Why is some wine so eye-wateringly expensive though - and would most people notice a huge difference from their normal bottle?

We spoke to wine experts Jilly Goolden and Joe Fattorini to find out.

So, would you taste the difference?

Media captionWine drinkers toast cellar confusion after £4,500 bottle mix-up

Fattorini, presenter of The Wine Show who goes by the nickname Obi Wine Kenobi, is certain the lucky customers at Hawksmoor would have known they had something special on their hands.

"I suspect they would have gone: 'wow, that's extraordinary!'," he says. "It does taste different and it would taste fabulous so undoubtedly you would know."

So for those of us who would struggle to justify spending quadruple figures on anything, let alone a single bottle of wine, how does this one - a Chateau le Pin Pomerol 2001- actually taste?

"It's really, really good," enthuses Fattorini. "I haven't had the 2001, which is quite hard to get hold of. But it's the epitome of their house style.

"It's glossy, rich and voluptuous with lots of cherries and leaves your mouth coated with a glycerine feel. It's exceptional."

 A £4,500 wine - or a £4.50 wine?

But Goolden disagrees - believing that quite simply, "you wouldn't know if you were tasting wine worth £4,500".

"It would be much better than a house red - but then almost anything is better than that", the writer and television presenter said.

"The other thing to consider is that a 2001 wine is obviously 18 years old, so it would be very unlike a wine you would buy just when you're out and about in a wine shop.

"It's a very old wine.
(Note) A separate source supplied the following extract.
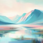 A serene landscape featuring soft, pastel mountains reflected in a calm river. The gentle hues of pink and blue create a tranquil atmosphere, evoking a sense of peace and natural beauty.

It would look different and would probably have lost quite a lot of fruit - those drinking it might even have been disappointed."

How can it cost so much?

Le Pin has been described as among the most expensive wines in the world. But why is that?

"An enormous amount of the alleged value of the wine will be in the provenance and the pedigree and the rarity," says Goolden. "The rarity alone doesn't make it that expensive. But if it's something very sought-after, then it pushes the price up.
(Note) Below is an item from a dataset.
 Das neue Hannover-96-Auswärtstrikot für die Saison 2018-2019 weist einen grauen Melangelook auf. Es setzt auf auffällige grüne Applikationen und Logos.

"You have to take into account that restaurants hike the prices up hugely as well. It would not cost that much on a wine rack.

"I think to the average punter in the restaurant, the nuance of it would go over their head."
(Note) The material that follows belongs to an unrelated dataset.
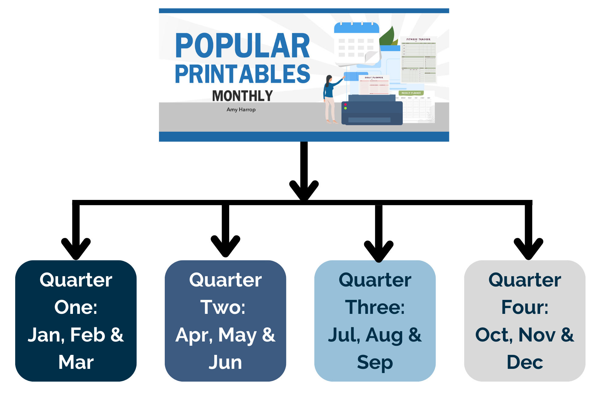Popular Printables Monthly by Amy Harrop is gold. Not gold plated. Pure 24K. I’m a newbie, just getting into printables. Every Printables Marketer touts how easy and quick it is to create a product to sell and they have a system streamlined to help you do that. And most of what I’ve seen is good, worth investing time and money in.

Fattorini explains: "They only made 500 cases of it, on a one-acre vineyard, so there isn't very much of it in the first place.

"Most big Bordeaux chateaux will turn out 100,000 cases. So the cost of making it is higher, if each vine only produces a few glasses rather than a few bottles.

"People want more the higher the price goes. It's almost deliberately expensive - it makes it more attractive. It's totally irrational, but it's why people want it even more."

 A vineyard in Bordeaux - the one owned by Le Pin occupies just one acre

He adds of the Le Pin 2001 wine: "It's also very exotic. It's a really good vintage for them especially. There's an extraordinary mystique around Le Pin - there's a premium."

The presenter and writer says there's a vast difference in taste between a £5 bottle of wine and a £20 bottle but that it isn't quite as drastically different once the cost gets up into the hundreds of pounds.

If you had one bottle costing £500 and the other £2,500 while the pricier wine would be better, it wouldn't be "hugely different", he adds.

Who would - or could - buy it?

Goolden says these are "people on expense accounts, people who show off - there are a lot of them", adding that her "whole career has been spent trying to prick the bubble of mystique surrounding wine."

"It's often people with company credit cards," Fattorini agrees. "And they would spend that much because they enjoy doing it."

He said celebrities will also spend quite a lot of money on wine - pointing out David Beckham posted pictures of wine he was drinking with wife Victoria on Instagram when he was celebrating his wedding anniversary last year. Those are thought to have cost in the hundreds rather than the thousands, however.

Fattorini says: "If you're that wealthy, it's the equivalent of spending £12.99 on a bottle for the average person.